• Input data:

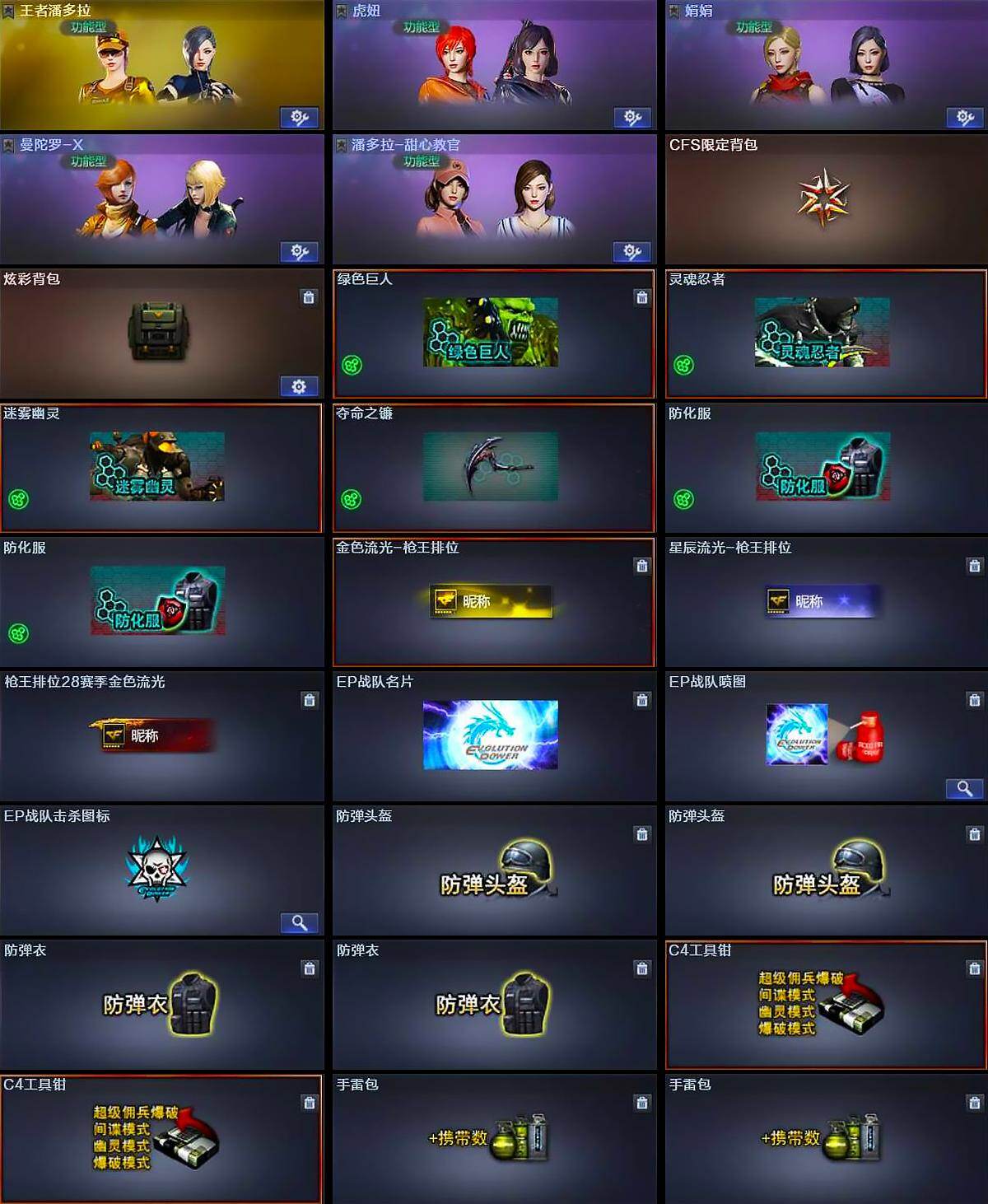 【道具】:CFS限定背包,炫彩背包,绿色巨人,灵魂忍者,迷雾幽灵,夺命之镰,防化服*2,金色流光-枪王排位,星辰流光-枪王排位,枪王排位28赛季金色流光,EP战队名片,EP战队喷图,EP战队击杀图标,防弹头盔*2,防弹衣*2,C4工具钳*2,手雷包*2
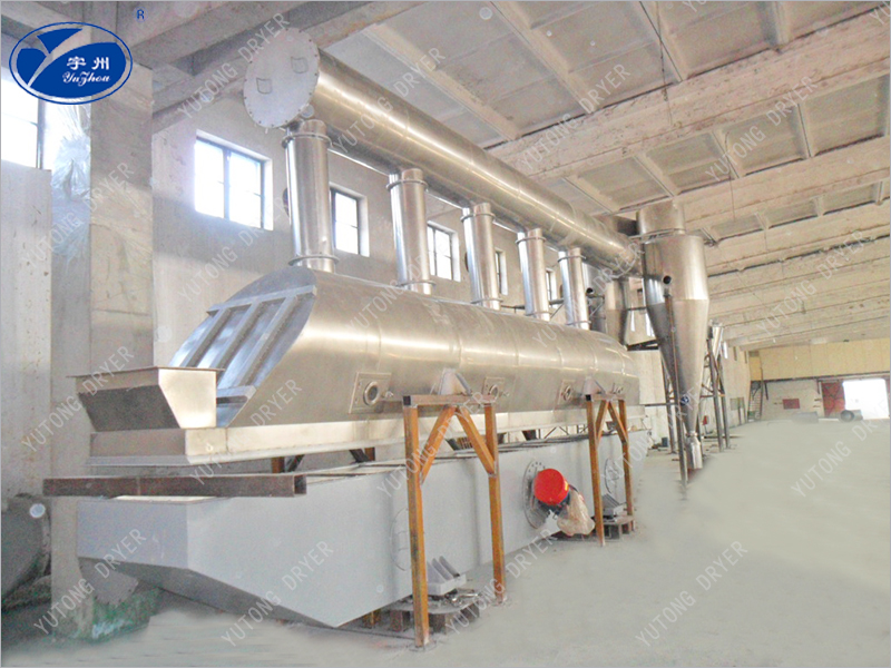 物料自進料口進入機內,在振動電機或其他方式提供的激振力作用下,在空氣分布板上跳躍前進,同時空氣經過濾后,被加熱到一定溫度,由風口進入干燥機下風室中,物料在振動力和經空氣分布板均風的熱氣流雙重作用下,呈懸浮狀態與熱氣流接觸,物料顆粒與熱介質之間進行著激烈的湍動,使傳熱和傳質過程得以強化,干燥后的產品由排料口排出,蒸發出的水份和廢氣經旋風分離器回收粉塵后,排入大氣。下床體為床層提供了一個穩定的具有一定壓力的風室。調節引風機,使上箱體中床層物料上部保持微負壓,維持良好干燥環境并防止粉塵外泄。
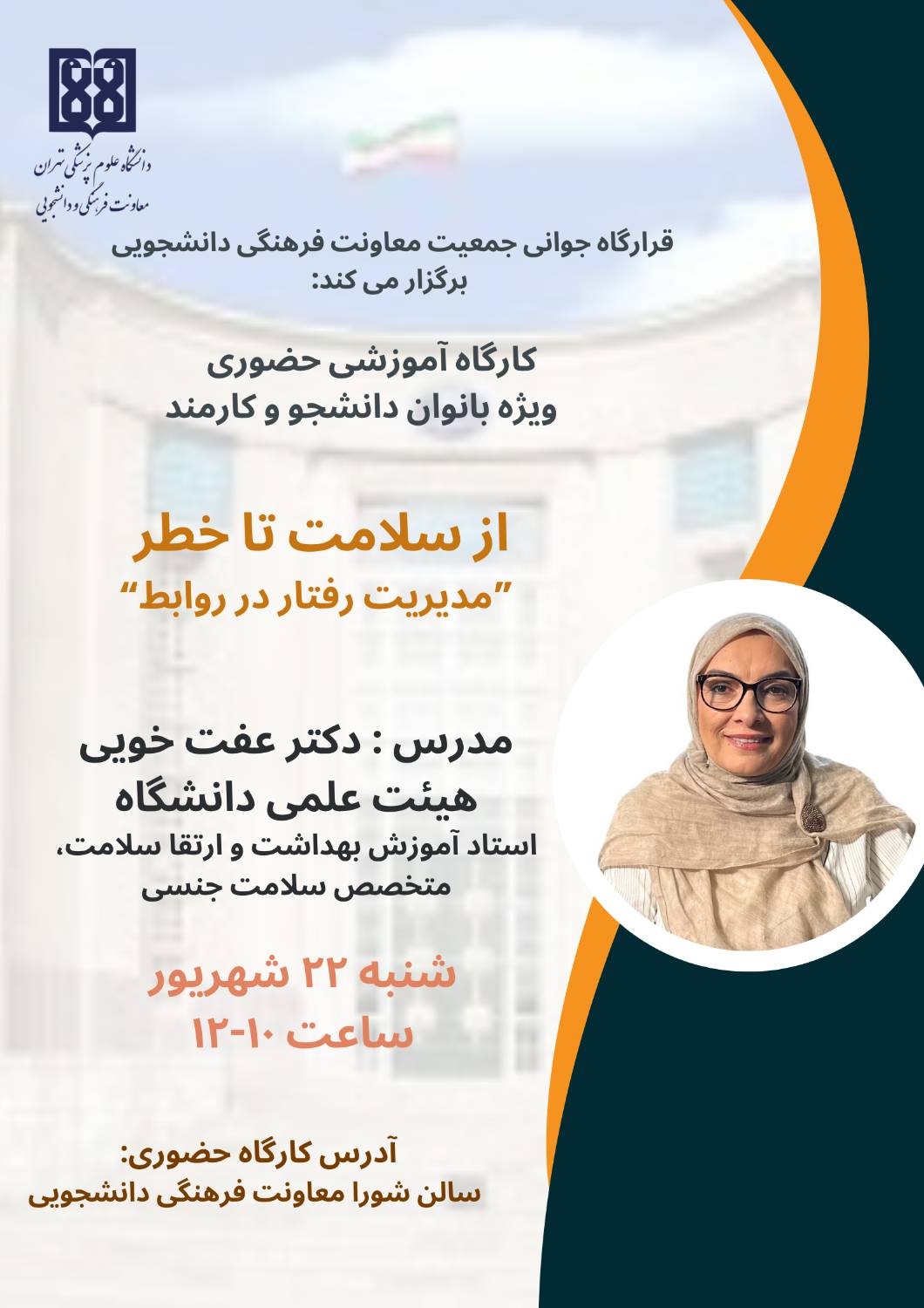 با هدف ارتقای مهارتهای رفتاری بانوان در حوزه سلامت فردی و اجتماعی، دانشگاه علوم پزشکی تهران کارگاه آموزشی «از سلامت تا خطر» را با محوریت مدیریت رفتار در روابط برگزار میکند؛ فرصتی برای یادگیری راهکارهای علمی پیشگیری از آسیبهای روانی و اجتماعی در روابط بینفردی.
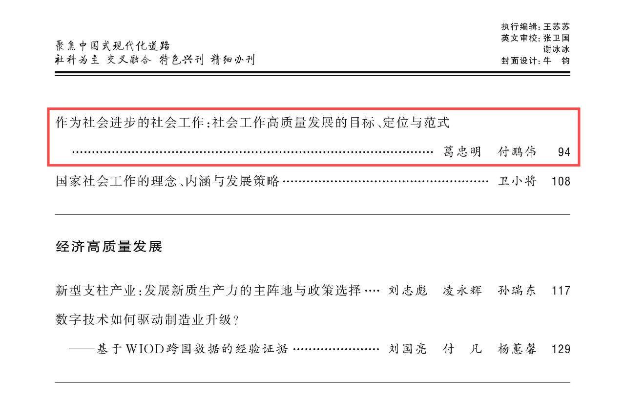 近日,bet007足球比分(中国)官方网站 葛忠明教授与其博士研究生付鹏伟共同在《山东大学学报(哲学社会科学版)》2024年第6期上发表了题为《作为社会进步的社会工作:社会工作高质量发展的目标、定位与范式》的高质量论文。
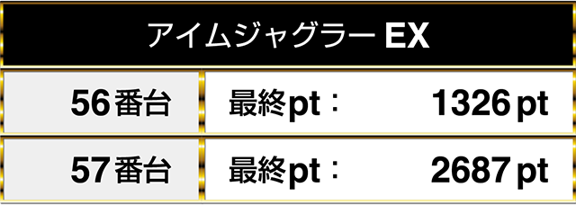 最終的には56番台が1326pt、57番台は2687ptを記録!!
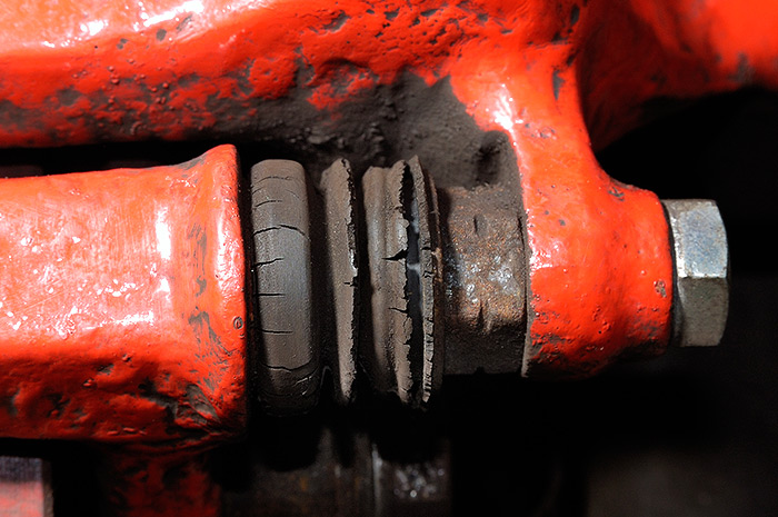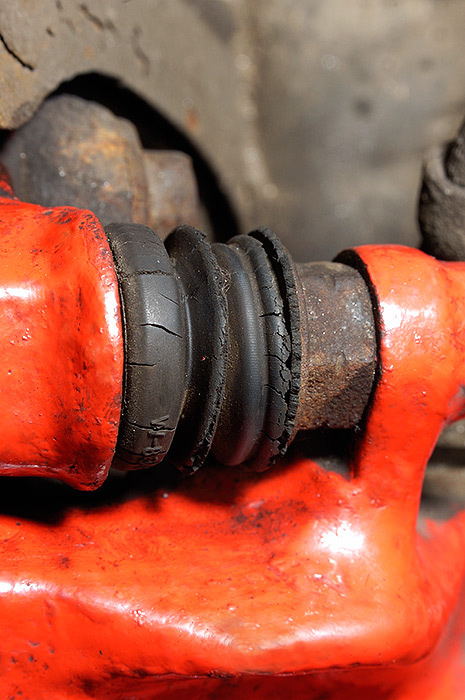 Na prachovkách byly již po měsíci viditelné prasklinky a po třech měsících praskly komplet. Našel jsem také popraskané těsnění pod pákami ruční brzdy. (viz foto)
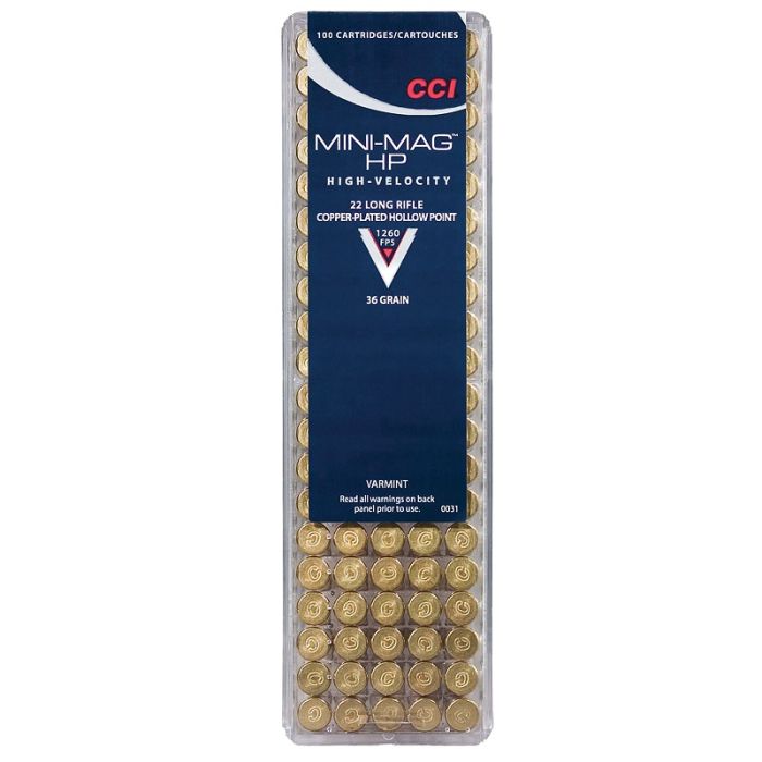 Kleinkaliber kogelpatronen. CCI Mini Mag Hollow Point .22 Long Rifle. De Mini-Mag was CCI's eerste randvuur product en blijft hun meest populaire. De CCI Mini Mag Hollow Point met zijn 36 Grain copper plated kogel-kop biedt uitstekende all-round prestaties voor de jacht op klein wild en ongedierte. Deze munitie is verder zeer geschikt voor training en gebruik voor wedstrijden. Het schoon verbrandende kruit zorgt voor het langer schoon blijven van het systeem om laadstoringen te voorkomen om zo langere schietsessies te houden met semi-automatische pistolen en geweren

• Activity:
Every line of the material above must be written out exactly, with no pictures.

• Answer space:
 【道具】:CFS限定背包,炫彩背包,绿色巨人,灵魂忍者,迷雾幽灵,夺命之镰,防化服*2,金色流光-枪王排位,星辰流光-枪王排位,枪王排位28赛季金色流光,EP战队名片,EP战队喷图,EP战队击杀图标,防弹头盔*2,防弹衣*2,C4工具钳*2,手雷包*2
 物料自進料口進入機內,在振動電機或其他方式提供的激振力作用下,在空氣分布板上跳躍前進,同時空氣經過濾后,被加熱到一定溫度,由風口進入干燥機下風室中,物料在振動力和經空氣分布板均風的熱氣流雙重作用下,呈懸浮狀態與熱氣流接觸,物料顆粒與熱介質之間進行著激烈的湍動,使傳熱和傳質過程得以強化,干燥后的產品由排料口排出,蒸發出的水份和廢氣經旋風分離器回收粉塵后,排入大氣。下床體為床層提供了一個穩定的具有一定壓力的風室。調節引風機,使上箱體中床層物料上部保持微負壓,維持良好干燥環境并防止粉塵外泄。
 با هدف ارتقای مهارتهای رفتاری بانوان در حوزه سلامت فردی و اجتماعی، دانشگاه علوم پزشکی تهران کارگاه آموزشی «از سلامت تا خطر» را با محوریت مدیریت رفتار در روابط برگزار میکند؛ فرصتی برای یادگیری راهکارهای علمی پیشگیری از آسیبهای روانی و اجتماعی در روابط بینفردی.
 近日,bet007足球比分(中国)官方网站 葛忠明教授与其博士研究生付鹏伟共同在《山东大学学报(哲学社会科学版)》2024年第6期上发表了题为《作为社会进步的社会工作:社会工作高质量发展的目标、定位与范式》的高质量论文。
 最終的には56番台が1326pt、57番台は2687ptを記録!!
 Na prachovkách byly již po měsíci viditelné prasklinky a po třech měsících praskly komplet. Našel jsem také popraskané těsnění pod pákami ruční brzdy. (viz foto)
 Kleinkaliber kogelpatronen. CCI Mini Mag Hollow Point .22 Long Rifle. De Mini-Mag was CCI's eerste randvuur product en blijft hun meest populaire. De CCI Mini Mag Hollow Point met zijn 36 Grain copper plated kogel-kop biedt uitstekende all-round prestaties voor de jacht op klein wild en ongedierte. Deze munitie is verder zeer geschikt voor training en gebruik voor wedstrijden. Het schoon verbrandende kruit zorgt voor het langer schoon blijven van het systeem om laadstoringen te voorkomen om zo langere schietsessies te houden met semi-automatische pistolen en geweren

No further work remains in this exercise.